**Material provided:**
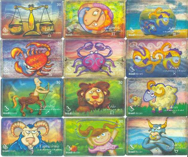 | 42056 | Brasil Telecom, 12 Cartões Telefônicos da série "Signos" (completa), 2002, usados | 9,00 | Foto |
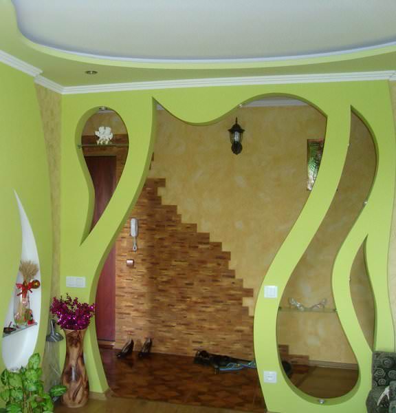 Гіпсокартон вважається універсальним матеріалом, і, мабуть, найбільш компромісним із серії «ціна-якість». Полюбилися на пострадянських просторах арки на місці входу в кімнату – підсумок перегляду одного популярного в 90-е затяжного американського серіалу. Наших співвітчизників так полонили арки в заставці до серіалу, що західна тенденція перекочувала в місцеву інтер’єрну моду і залишилася в ній надовго.
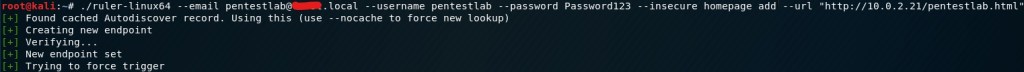 ./ruler-linux64 --email pentestlab@pentestlab.local --username pentestlab --password Password123 --insecure homepage add --url "http://10.0.2.21/pentestlab.html"
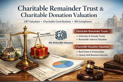 My Financial Valuation provides independent, audit-defensible valuation services for Charitable Remainder Trusts (CRTs) and charitable donation planning involving real estate, partnership interests, closely held businesses, and complex assets.
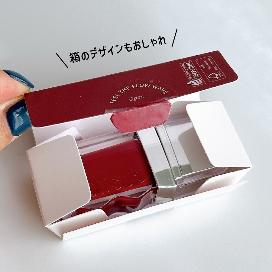 - <01 ソフィー(Surfy)> リンゴ酸ジイソステアリル、ジフェニルシロキシフェニルトリメチコン、精製水、ジフェニルジメチコン、ビスジグリセリルポリアシルアジペート-2、水添ポリイソブテン、ポリグリセリン-3、ポリソルベート60、セチルPEG/PPG-10/1ダイメチコン、イソステアリン酸ソルビタン、BG、ペンチレングリコール、1,2-ヘキサンジオール、ダイメジメチコン、アクリル酸ヒドロキシエチル/ナトリウムアクリロイルジメチルタウリン酸共重合体スクアラン、セテアレス-20、二酸化チタン、エチルヘキシルグリセリン、赤色227号、黄色5 号、香料、赤色104号(1)、水酸化酸化アルミニウム、ポリアクリル酸アンモニウム溶液、黄色4号、フェノキシエタノール、マカデミア種子油、ローズヒップ油、ツバキ油、トコフェロール <02 ピンクラッシュ(Pinkrush)> リンゴ酸ジイソステアリル、ジフェニルシロキシフェニルトリメチコン、精製水、ビスジグリセリルポリアシルアジペート-2、ジフェニルジメチコン、水添ポリイソブテン、ポリグリセリン-3、ポリソルベート60、セチルPEG/PPG-10/1ダイメチコン、イソステアリン酸ソルビタン、BG、ダイメジメチコン、ペンチレングリコール、1,2-ヘキサンジオール、アクリル酸ヒドロキシエチル/ナトリウムアクリロイルジメチルタウリン酸共重合体スクアラン、セテアレス-20、二酸化チタン、エチルヘキシルグリセリン、赤色227号、黄色5 号、香料、水酸化酸化アルミニウム、ポリアクリル酸アンモニウム溶液、フェノキシエタノール、マカデミア種子油、ローズヒップ油、ツバキ油、トコフェロール <03 グレア(Glare) > リンゴ酸ジイソステアリル、ジフェニルシロキシフェニルトリメチコン、精製水、ビスジグリセリルポリアシルアジペート-2、ジフェニルジメチコン、水添ポリイソブテン、ポリグリセリン-3、ポリソルベート60、セチルPEG/PPG-10/1ダイメチコン、イソステアリン酸ソルビタン、BG、ペンチレングリコール、1,2-ヘキサンジオール、ダイメジメチコン、アクリル酸ヒドロキシエチル/ナトリウムアクリロイルジメチルタウリン酸共重合体スクアラン、セテアレス-20、二酸化チタン、エチルヘキシルグリセリン、黄色5 号、香料、赤色104号(1)、赤色227号、水酸化酸化アルミニウム、ポリアクリル酸アンモニウム溶液、黄色4号、フェノキシエタノール、ブリリアントブルーFCF、マカデミア種子油、ローズヒップ油、ツバキ油、トコフェロール <04 ウィッティー(Witty)> リンゴ酸ジイソステアリル、ジフェニルシロキシフェニルトリメチコン、精製水、ビスジグリセリルポリアシルアジペート-2、ジフェニルジメチコン、水添ポリイソブテン、ポリグリセリン-3、ポリソルベート60、セチルPEG/PPG-10/1ダイメチコン、イソステアリン酸ソルビタン、BG、ダイメジメチコン、ペンチレングリコール、1,2-ヘキサンジオール、アクリル酸ヒドロキシエチル/ナトリウムアクリロイルジメチルタウリン酸共重合体スクアラン、セテアレス-20、二酸化チタン、黄色5 号、赤色227号、エチルヘキシルグリセリン、香料、水酸化酸化アルミニウム、ポリアクリル酸アンモニウム溶液、フェノキシエタノール、マカデミア種子油、ローズヒップ油、ツバキ油、トコフェロール <05 パンチ(Punch)> リンゴ酸ジイソステアリル、ジフェニルシロキシフェニルトリメチコン、精製水、ジフェニルジメチコン、ビスジグリセリルポリアシルアジペート-2、水添ポリイソブテン、ポリグリセリン-3、ポリソルベート60、セチルPEG/PPG-10/1ダイメチコン、イソステアリン酸ソルビタン、BG、ペンチレングリコール、1,2-ヘキサンジオール、ダイメジメチコン、アクリル酸ヒドロキシエチル/ナトリウムアクリロイルジメチルタウリン酸共重合体二酸化チタン、スクアラン、セテアレス-20、黄色5 号、エチルヘキシルグリセリン、香料、赤色227号、赤色104号(1)、水酸化酸化アルミニウム、ポリアクリル酸アンモニウム溶液、フェノキシエタノール、マカデミア種子油、ローズヒップ油、ツバキ油、トコフェロール <06 ディア(Dear)> リンゴ酸ジイソステアリル、ジフェニルシロキシフェニルトリメチコン、精製水、ジフェニルジメチコン、ビスジグリセリルポリアシルアジペート-2、水添ポリイソブテン、ポリグリセリン-3、ポリソルベート60、セチルPEG/PPG-10/1ダイメチコン、イソステアリン酸ソルビタン、BG、ペンチレングリコール、1,2-ヘキサンジオール、ダイメジメチコン、アクリル酸ヒドロキシエチル/ナトリウムアクリロイルジメチルタウリン酸共重合体スクアラン、セテアレス-20、二酸化チタン、エチルヘキシルグリセリン、黄色5 号、赤色227号、香料、水酸化酸化アルミニウム、黄色4号、ポリアクリル酸アンモニウム溶液、フェノキシエタノール、マカデミア種子油、ブリリアントブルーFCF、ローズヒップ油、ツバキ油、トコフェロール <07 カインド(Kind)> リンゴ酸ジイソステアリル、ジフェニルシロキシフェニルトリメチコン、精製水、ジフェニルジメチコン

**Action item:** How would the lines above read from the one with "Гіпсокартон вважається універсальним" to the one with "My Financial Valuation", inclusive, with no pictures? Write them out exactly.

**Response area:**
 Гіпсокартон вважається універсальним матеріалом, і, мабуть, найбільш компромісним із серії «ціна-якість». Полюбилися на пострадянських просторах арки на місці входу в кімнату – підсумок перегляду одного популярного в 90-е затяжного американського серіалу. Наших співвітчизників так полонили арки в заставці до серіалу, що західна тенденція перекочувала в місцеву інтер’єрну моду і залишилася в ній надовго.
 ./ruler-linux64 --email pentestlab@pentestlab.local --username pentestlab --password Password123 --insecure homepage add --url "http://10.0.2.21/pentestlab.html"
 My Financial Valuation provides independent, audit-defensible valuation services for Charitable Remainder Trusts (CRTs) and charitable donation planning involving real estate, partnership interests, closely held businesses, and complex assets.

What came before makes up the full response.